■ **Work request**
Only the pictures are dropped; the lines of the material that follow are returned exactly.

■ **Dataset section**
################

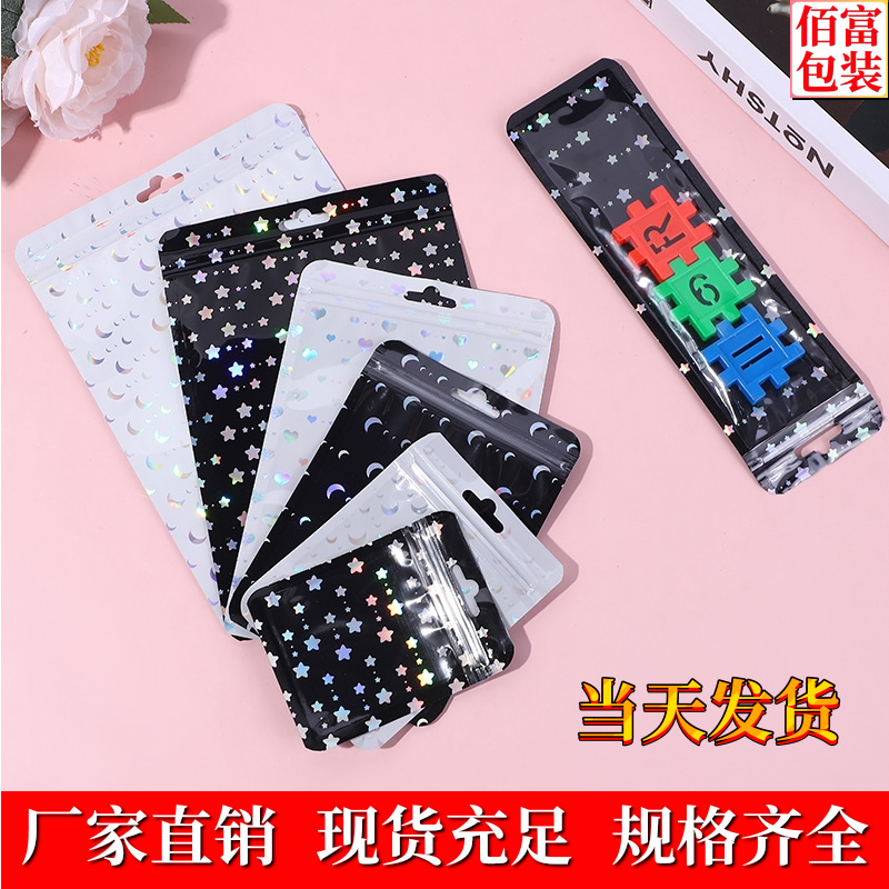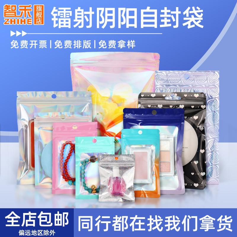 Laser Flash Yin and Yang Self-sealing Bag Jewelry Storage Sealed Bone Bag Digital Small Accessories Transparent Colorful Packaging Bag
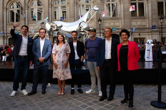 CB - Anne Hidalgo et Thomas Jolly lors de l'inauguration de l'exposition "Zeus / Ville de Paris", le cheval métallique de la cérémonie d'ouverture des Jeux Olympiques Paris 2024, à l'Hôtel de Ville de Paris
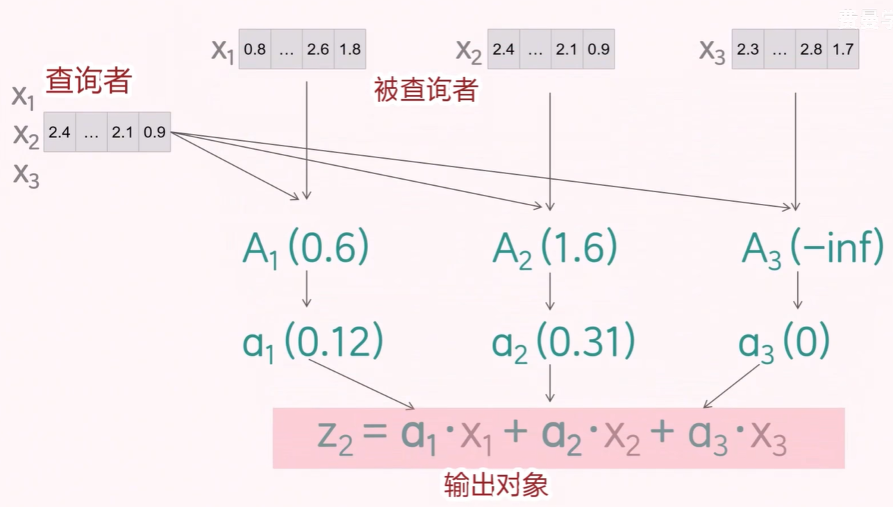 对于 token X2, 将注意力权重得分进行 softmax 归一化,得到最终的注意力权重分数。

################

■ **Written answer**
 Laser Flash Yin and Yang Self-sealing Bag Jewelry Storage Sealed Bone Bag Digital Small Accessories Transparent Colorful Packaging Bag
 CB - Anne Hidalgo et Thomas Jolly lors de l'inauguration de l'exposition "Zeus / Ville de Paris", le cheval métallique de la cérémonie d'ouverture des Jeux Olympiques Paris 2024, à l'Hôtel de Ville de Paris
 对于 token X2, 将注意力权重得分进行 softmax 归一化,得到最终的注意力权重分数。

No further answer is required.